= What to produce =
Please return the data that follows precisely as written, but without the images.

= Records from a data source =
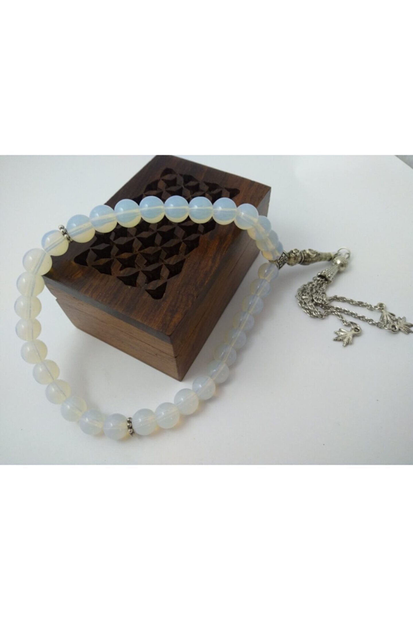 Opal aytaşı tespih / doğaltaş tespih; aytaşı (dengeleyici taş): Aytaşı, ince tabakalar halinde oluşur ve ışık tabakalar arasında nüfuz ettikçe parlaklığını oluşturmak için kırılır ve birçok yöne dağılır.; farkındalığı arttırdığı gibi kullanıcı üzerinde sakinleştirici ve yatıştırıcı etkisi vardır.; çakraları dengeleyen ve negatif enerjileri topraklayan özelliği vardır. Aynı zamanda sezgileri, rüyalarımızı hatırlamayı ve empati yeteneğini geliştirir.; özellikle dolunay akşamında rüyaları hatırlamamızı sağlar. Yaratıcılığı ve kendini ifade etme yeteneğini geliştirir.; aytaşı “gezgin taşı” olarak da bilinir bu yüzden sürekli seyahat edenleri yanlarında taşındığında koruduğuna inanılır.; yeni başlangıçlarda, aşk ve iş yaşamında başarı, şans getirdiğine inanılır.; burçları; yengeç, balık, akrep, koç, yay uyumlu olduğu çakra; 2.Alt karın çakrası, 6. Alın çakrası (üçüncü göz); ürünün özellikleri: Tane boyutu 8 mm ve küre kesimdir. Bu orijinal doğaltaş tespih 33’lüdür. Bu özel tasarım tespih size hediye kutusu içinde gönderilecektir. Görselde gördüğünüz ürün size gönderilecektir. Istediğiniz püskül modelini seçebilirsiniz sadece bize bildirmeniz yeterli.
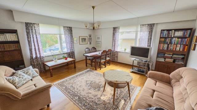 - Tilava olohuone, jonne mahtuisi myös illallispöytä. Valoisa, ikkunoita kahteen eri suuntaan. Olohuoneessa on myös kaunis, käyttökuntoinen kakluuni.
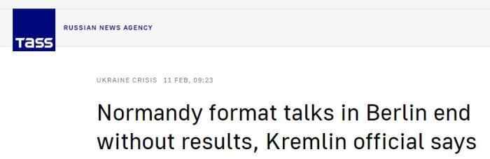 2月11日消息,俄方称,新一轮“诺曼底模式”会谈无果而终。图片来源:俄罗斯塔斯社报道截图。
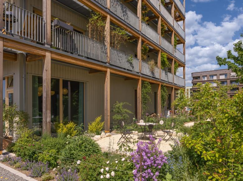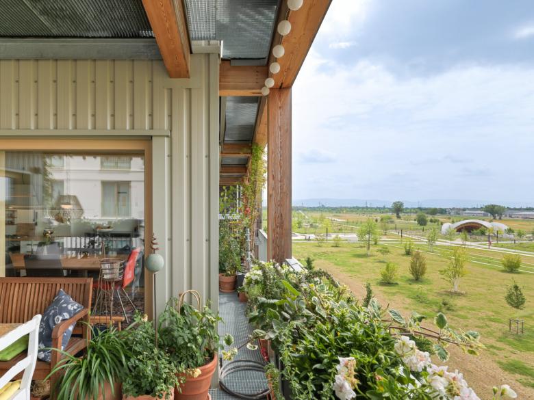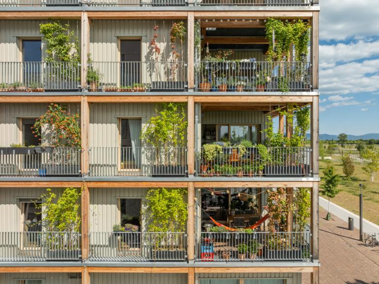 DGJ Architektur hat in einem vom Bundesinstitut für Bau-, Stadt- und Raumforschung (BBSR) geförderten Forschungsprojekt speziell für das „WohnWerk“ ein „Low-Tech“-System für die Fassadenbegrünung entworfen. Es kann von den Bewohner:innen selbst gepflegt werden und ist leicht auf andere Bauprojekte übertragbar. Da nur wenige aktive Komponenten notwendig sind, ist die Anlage energieeffizient und wartungsarm. Pflanzkästen mit Substrat sichern eine ganzjährige Artenvielfalt. Die intensive Begrünung der Fassade, inspiriert durch die räumliche Nähe zum ehemaligen BUGA23-Gelände, setzt das Thema „Grün” fort und verbessert die ökologische Qualität des Stadtraums.
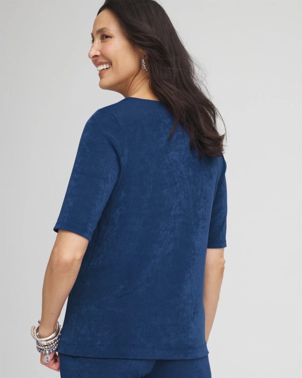 - Classic-fit, elbow-sleeved, cowlneck top.
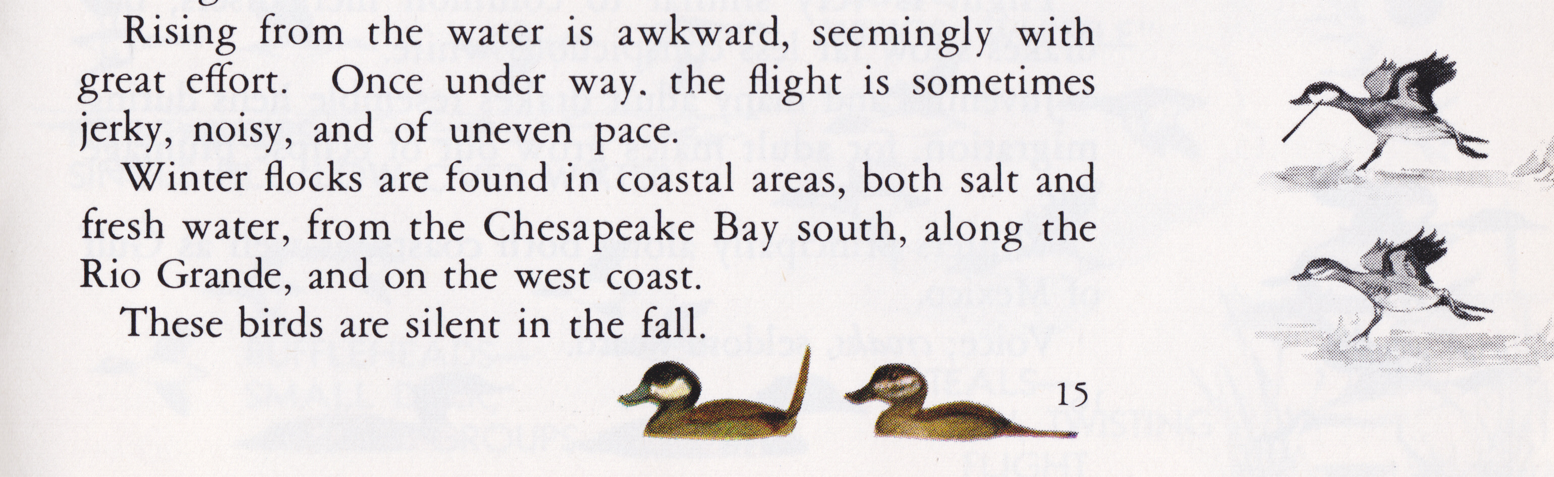 Later – it was first published when I was 10 – came Ducks at a Distance – the ID booklet published by Interior in 1963. I still like the original, green-covered version best. It was Bob Hines’ drawings and paintings that grabbed me. I probably copied most of them – often more than once – when I was a kid. His depiction on page 15 of the Ruddy taxiing over the water was one I drew and painted and inked.
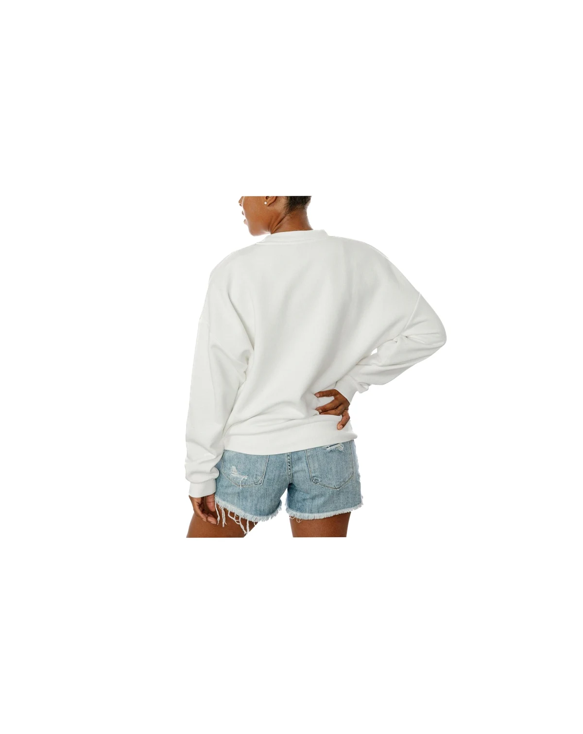 The Women's Gameday Couture White Denver Broncos Sunday Drives Oversized Crewneck Pullover Sweatshirt is the perfect way to show your support for the Denver Broncos. This oversized sweatshirt is perfect for mild conditions. screen printed graphics feature the Denver Broncos logo and wordmark, letting you showcase your team spirit in style. Whether you're cheering on the Broncos at the stadium or relaxing at home, this sweatshirt will keep you comfortable and stylish.
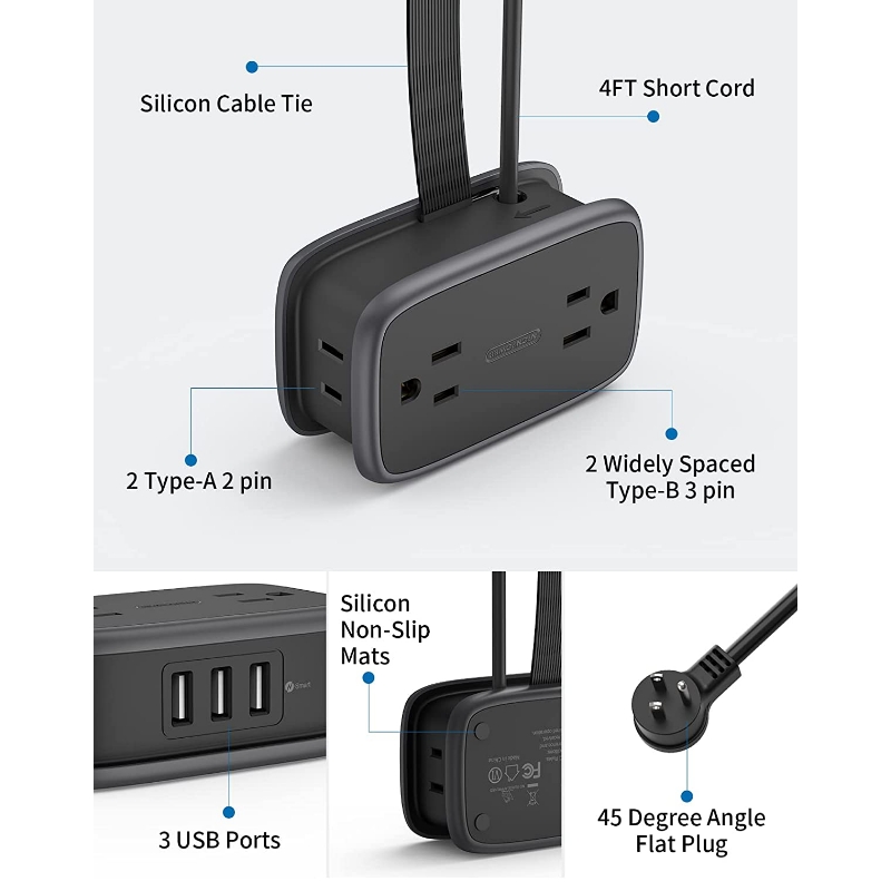 Regleta de alimentación de viaje 7 en 1 con USB: la tira de alimentación USB NTONPOWER convierte una toma de corriente en 7, incluyendo dos tomas de corriente de 3 clavijas, dos tomas de corriente de 2 clavijas y 3 puertos USB que cargarán la mayoría de smartphones, tabletas, portátiles, altavoces Bluetooth y otros dispositivos. 2 salidas de CA ampliamente espaciadas pueden acomodar adaptadores de corriente más grandes, como batería de cámara de gran tamaño y enchufes de cargador, sin bloquear las otras tomas.
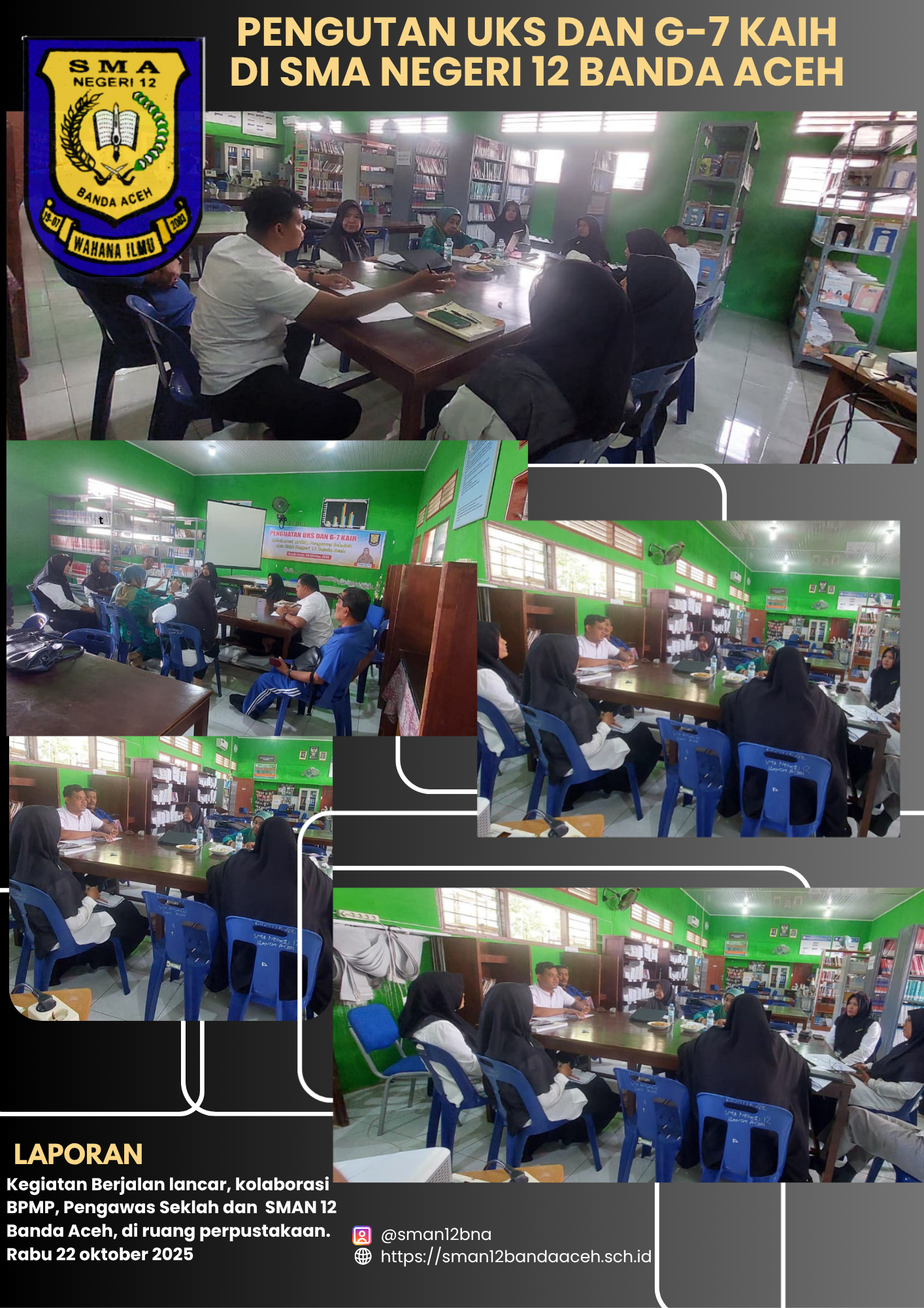 Banda Aceh, 22 Oktober 2025 — SMA Negeri 12 Banda Aceh melaksanakan kegiatan Penguatan UKS dan G-7 KAIH yang berlangsung di ruang perpustakaan sekolah. Kegiatan ini merupakan hasil kolaborasi antara Balai Penjaminan Mutu Pendidikan (BPMP), pengawas sekolah, dan pihak SMA Negeri 12 Banda Aceh.
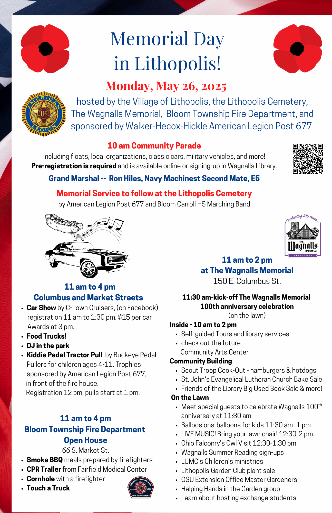 Monday, May 26, 2025 from 10 am – 2 pm. Visit Lithopolis on Monday, May 27 for a Memorial Day celebration with events including a cruise-in, 100th anniversary celebration at the Wagnalls Memorial Library, Bloom Township Fire Dept Open House, live music, vendors, tours, food, and more!
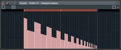 4. Réglage du Volume. Vous pouvez appliquer des effets de fondus entrants et sortants sur le son de certains instruments tout au long d’un Pattern à l’aide du graphique de volume. Essayez d’appliquer cet effet sur un nouveau canal de caisse claire tel que représenté ci-dessous. Rappel : Le raccourci permettant d’ajouter un canal est Alt-S. Le fichier de la caisse claire indiquée ici est sauvegardé sous Packs®Basic®Snares. Ce graphique ne présente pas une valeur moyenne au centre comme le panoramique ; le réglage s’effectue sur une plage comprise entre zéro et une valeur maximale (zéro au bas du graphique). Ces modulations du volume se combinent très bien avec les modulations des filtres de coupures et de résonance. Conseil : Pour tracer une pente homogène dans l’éditeur graphique, faites un clic droit sur la première barre puis faites glisser la souris vers la droite ; les valeurs de toutes les barres sont alors instantanément définies.
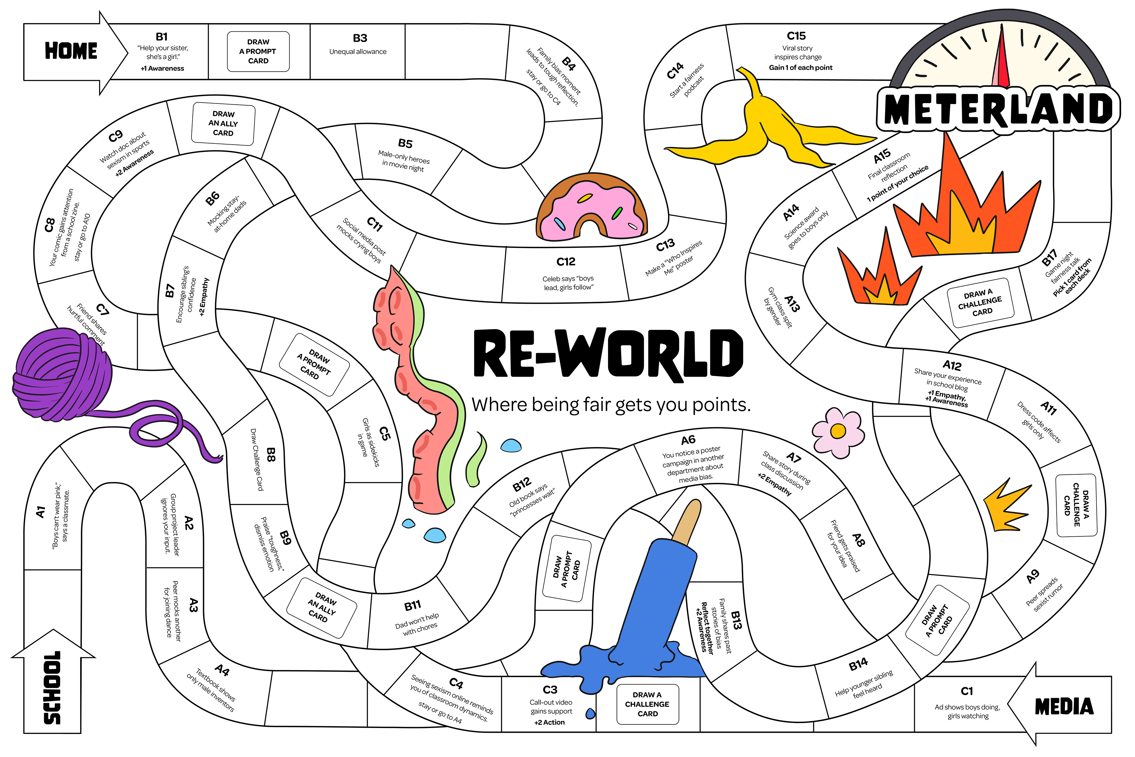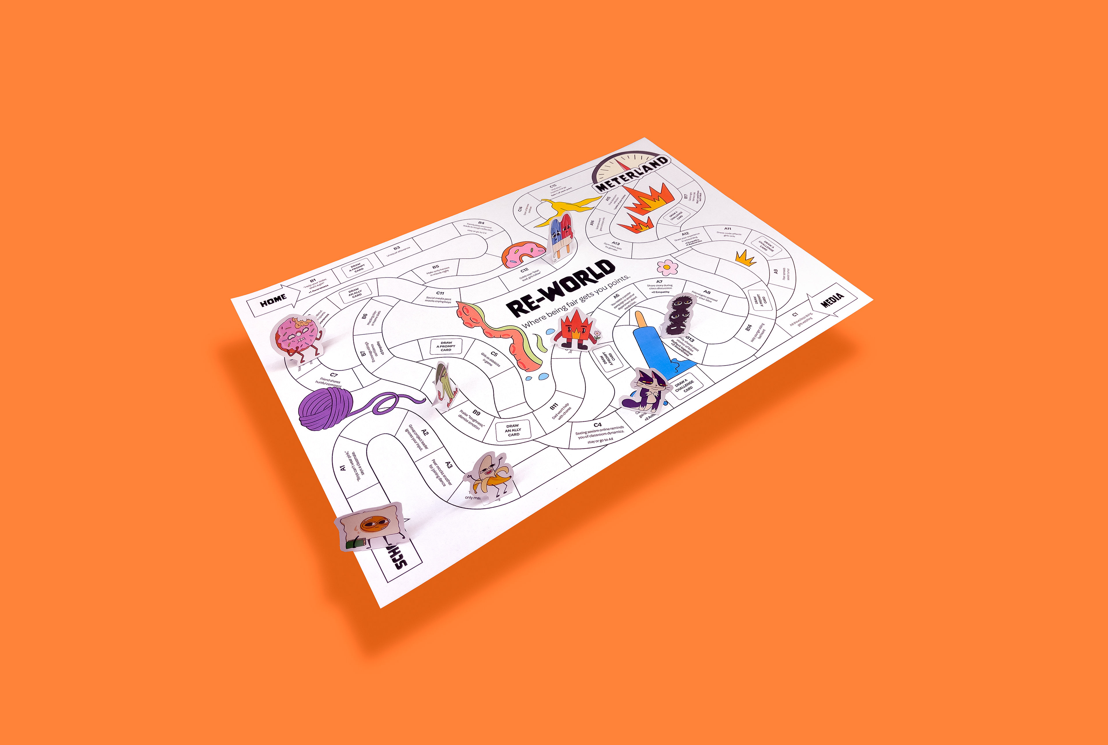 Re-World became a board game for preteens that makes critical thinking about gender roles engaging, funny, and accessible. Players collect Empathy, Awareness, and Action Points while navigating zones like School, Family, and Media. Their combined choices determine the ending: Fair World, Wobbly World, or Backwards Land, a reflection of how individual actions shape collective outcomes.
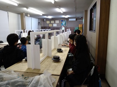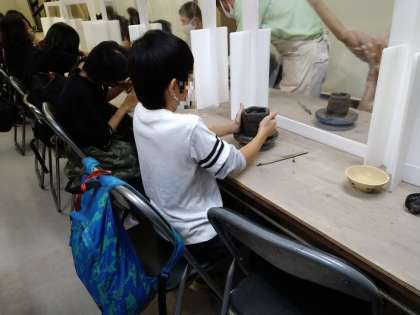 説明をしっかり聞いて、ろくろの上で土をこねました。なかなか思い通りにはいきませんが、世界に1つだけの茶碗や湯呑み。出来上がりが楽しみです。

= Problem solution =
 Opal aytaşı tespih / doğaltaş tespih; aytaşı (dengeleyici taş): Aytaşı, ince tabakalar halinde oluşur ve ışık tabakalar arasında nüfuz ettikçe parlaklığını oluşturmak için kırılır ve birçok yöne dağılır.; farkındalığı arttırdığı gibi kullanıcı üzerinde sakinleştirici ve yatıştırıcı etkisi vardır.; çakraları dengeleyen ve negatif enerjileri topraklayan özelliği vardır. Aynı zamanda sezgileri, rüyalarımızı hatırlamayı ve empati yeteneğini geliştirir.; özellikle dolunay akşamında rüyaları hatırlamamızı sağlar. Yaratıcılığı ve kendini ifade etme yeteneğini geliştirir.; aytaşı “gezgin taşı” olarak da bilinir bu yüzden sürekli seyahat edenleri yanlarında taşındığında koruduğuna inanılır.; yeni başlangıçlarda, aşk ve iş yaşamında başarı, şans getirdiğine inanılır.; burçları; yengeç, balık, akrep, koç, yay uyumlu olduğu çakra; 2.Alt karın çakrası, 6. Alın çakrası (üçüncü göz); ürünün özellikleri: Tane boyutu 8 mm ve küre kesimdir. Bu orijinal doğaltaş tespih 33’lüdür. Bu özel tasarım tespih size hediye kutusu içinde gönderilecektir. Görselde gördüğünüz ürün size gönderilecektir. Istediğiniz püskül modelini seçebilirsiniz sadece bize bildirmeniz yeterli.
 - Tilava olohuone, jonne mahtuisi myös illallispöytä. Valoisa, ikkunoita kahteen eri suuntaan. Olohuoneessa on myös kaunis, käyttökuntoinen kakluuni.
 2月11日消息,俄方称,新一轮“诺曼底模式”会谈无果而终。图片来源:俄罗斯塔斯社报道截图。
 DGJ Architektur hat in einem vom Bundesinstitut für Bau-, Stadt- und Raumforschung (BBSR) geförderten Forschungsprojekt speziell für das „WohnWerk“ ein „Low-Tech“-System für die Fassadenbegrünung entworfen. Es kann von den Bewohner:innen selbst gepflegt werden und ist leicht auf andere Bauprojekte übertragbar. Da nur wenige aktive Komponenten notwendig sind, ist die Anlage energieeffizient und wartungsarm. Pflanzkästen mit Substrat sichern eine ganzjährige Artenvielfalt. Die intensive Begrünung der Fassade, inspiriert durch die räumliche Nähe zum ehemaligen BUGA23-Gelände, setzt das Thema „Grün” fort und verbessert die ökologische Qualität des Stadtraums.
 - Classic-fit, elbow-sleeved, cowlneck top.
 Later – it was first published when I was 10 – came Ducks at a Distance – the ID booklet published by Interior in 1963. I still like the original, green-covered version best. It was Bob Hines’ drawings and paintings that grabbed me. I probably copied most of them – often more than once – when I was a kid. His depiction on page 15 of the Ruddy taxiing over the water was one I drew and painted and inked.
 The Women's Gameday Couture White Denver Broncos Sunday Drives Oversized Crewneck Pullover Sweatshirt is the perfect way to show your support for the Denver Broncos. This oversized sweatshirt is perfect for mild conditions. screen printed graphics feature the Denver Broncos logo and wordmark, letting you showcase your team spirit in style. Whether you're cheering on the Broncos at the stadium or relaxing at home, this sweatshirt will keep you comfortable and stylish.
 Regleta de alimentación de viaje 7 en 1 con USB: la tira de alimentación USB NTONPOWER convierte una toma de corriente en 7, incluyendo dos tomas de corriente de 3 clavijas, dos tomas de corriente de 2 clavijas y 3 puertos USB que cargarán la mayoría de smartphones, tabletas, portátiles, altavoces Bluetooth y otros dispositivos. 2 salidas de CA ampliamente espaciadas pueden acomodar adaptadores de corriente más grandes, como batería de cámara de gran tamaño y enchufes de cargador, sin bloquear las otras tomas.
 Banda Aceh, 22 Oktober 2025 — SMA Negeri 12 Banda Aceh melaksanakan kegiatan Penguatan UKS dan G-7 KAIH yang berlangsung di ruang perpustakaan sekolah. Kegiatan ini merupakan hasil kolaborasi antara Balai Penjaminan Mutu Pendidikan (BPMP), pengawas sekolah, dan pihak SMA Negeri 12 Banda Aceh.
 Monday, May 26, 2025 from 10 am – 2 pm. Visit Lithopolis on Monday, May 27 for a Memorial Day celebration with events including a cruise-in, 100th anniversary celebration at the Wagnalls Memorial Library, Bloom Township Fire Dept Open House, live music, vendors, tours, food, and more!
 4. Réglage du Volume. Vous pouvez appliquer des effets de fondus entrants et sortants sur le son de certains instruments tout au long d’un Pattern à l’aide du graphique de volume. Essayez d’appliquer cet effet sur un nouveau canal de caisse claire tel que représenté ci-dessous. Rappel : Le raccourci permettant d’ajouter un canal est Alt-S. Le fichier de la caisse claire indiquée ici est sauvegardé sous Packs®Basic®Snares. Ce graphique ne présente pas une valeur moyenne au centre comme le panoramique ; le réglage s’effectue sur une plage comprise entre zéro et une valeur maximale (zéro au bas du graphique). Ces modulations du volume se combinent très bien avec les modulations des filtres de coupures et de résonance. Conseil : Pour tracer une pente homogène dans l’éditeur graphique, faites un clic droit sur la première barre puis faites glisser la souris vers la droite ; les valeurs de toutes les barres sont alors instantanément définies.
 Re-World became a board game for preteens that makes critical thinking about gender roles engaging, funny, and accessible. Players collect Empathy, Awareness, and Action Points while navigating zones like School, Family, and Media. Their combined choices determine the ending: Fair World, Wobbly World, or Backwards Land, a reflection of how individual actions shape collective outcomes.
 説明をしっかり聞いて、ろくろの上で土をこねました。なかなか思い通りにはいきませんが、世界に1つだけの茶碗や湯呑み。出来上がりが楽しみです。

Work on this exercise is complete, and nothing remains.